The thing that none of the advocates of a universal health care system don’t seem to grasp, including our noted blogger. is that the system to the North and any government sponsored system, controls costs by rationing of care. A few years ago it was reported that Canada had fewer MRI’s in the entire country than we have in the metropolitan Portland area. I think that the main reason we haven’t had a real push for a single payor system is that the American public, who have medical insurance, are not about to accept rationing of care that is about the only way that the costs of medical can be brought down to a level that the tax payer would accept. When doctors can stop practicing defensive medicine and not order unnecessary tests and imaging studies. when the American patient can be told that they are not going to get the MRI they want, or the expensive drug that they saw advertised on TV, and when they are willing to wait 8-12 months or more for elective surgery, then, and only then will a universal health insurance program be possible in the US.
If I hear one more doc complaining about defensive medicine and tort costs I’ll throw them under the wheels of their golf cart. Care is rationed in the US – for the 45 million uninsured, for Medicaid recipients, and for those in staff and group model HMOs as well as anyne who has to comply with precert rules.
This rationing argument is nonsense, not only because have de facto rationing but also because it is a red herring. Canadians, Swiss, Norwegians, and citizens of 33 other countries are healthier than Americans, yet we pay about 50% more than they do.
So the good Dr. Thompson et al are delivering an inferior product and charging much more for it.
Finally, what is wrong with rationing of care? The question is NOT how many MRI machines does Canada have compared to Portland, it is what is the right number of MRI machines? And my bet is many of Portland’s MRI machines are owned by docs, who make money by sending patients there, all the while hiding behind the covers of “defensive medicine”.
The great problem with healthcare in the US is not tort cost or defensive medicine, or pharmaceutical advertising, or excessive bureaurocracy. It is excessive reliance on technology. Cutting edge technology costs, big time. A top of the line computer with all the bells and whistles costs $3000. And yet a $250 3 year old used model does about 80% as much. How much computer do you need to surf the internet? Very little.
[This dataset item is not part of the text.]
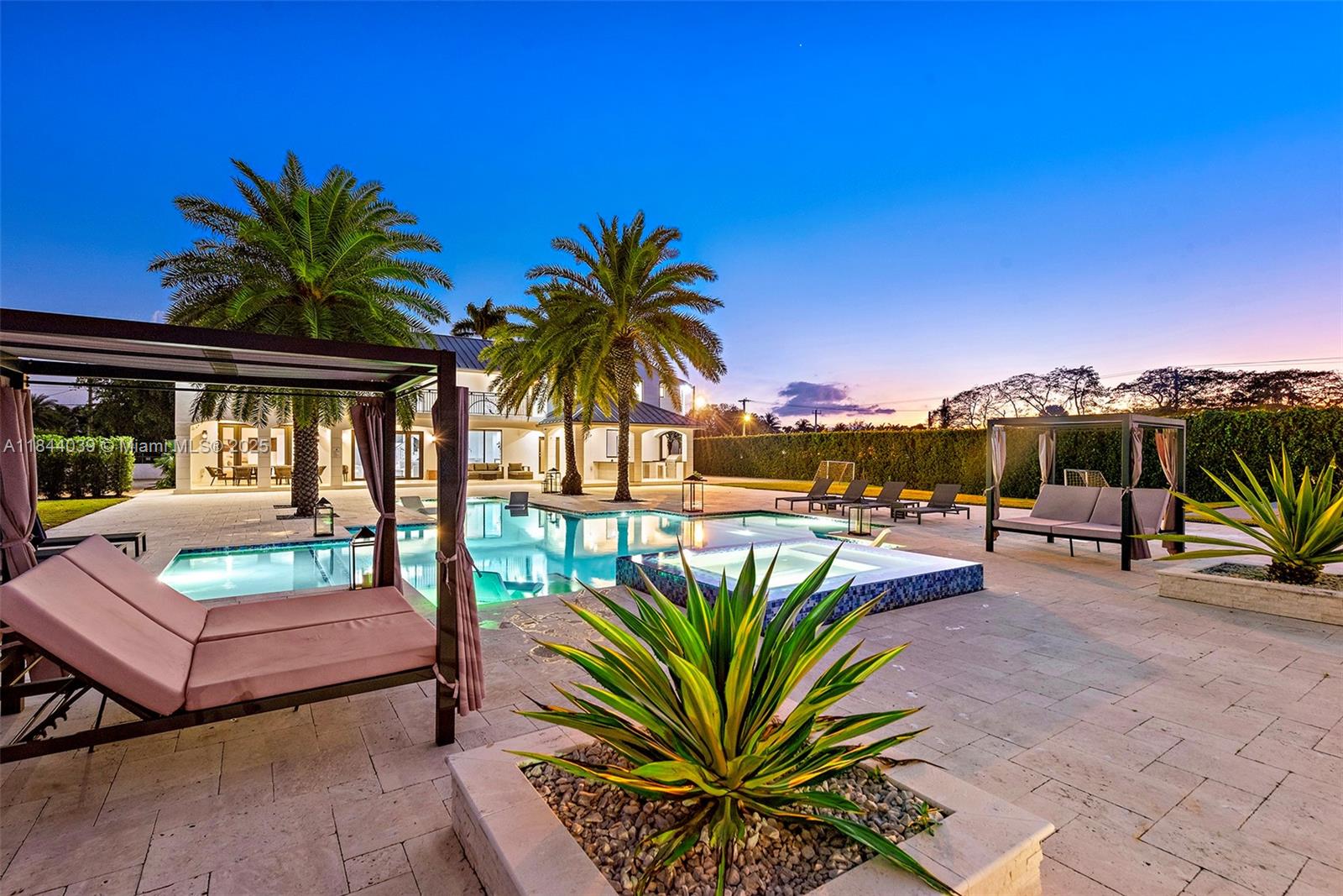 The perfect blend of Mediterranean charm and Modern design in this turn key 7br/4-ba estate nestled on a lush, gated 1+ acre lot.

In the same way, I have seen many a cardiologist do a $10,000 catheterization and send a patient back to me with the instructions: “Maximize medical managment.” Translation: this patient can be treated with medications only. So why spend $10,000 to tell me that I need to control this guy’s blood pressure and give him aspirin, which is what I am doing already?
Don’t get me wrong. Caths are good things and need to be done. But we don’t need to cath everything with a pulse. Nor do we need to MRI every headache, and operate on every painful back. We do it because we can, and because we get paid damn well to do it.
If insurance companies paid $500 to do a cath and $750 to read an EKG and take a very careful history and physical, what would happen? Doctors would suddenly get very, very good at reading EKGs and doing examinations. And less caths would be done. And I doubt the mortality rate for cardiac disease would change one bit.
We can make do with less. We just have to want to.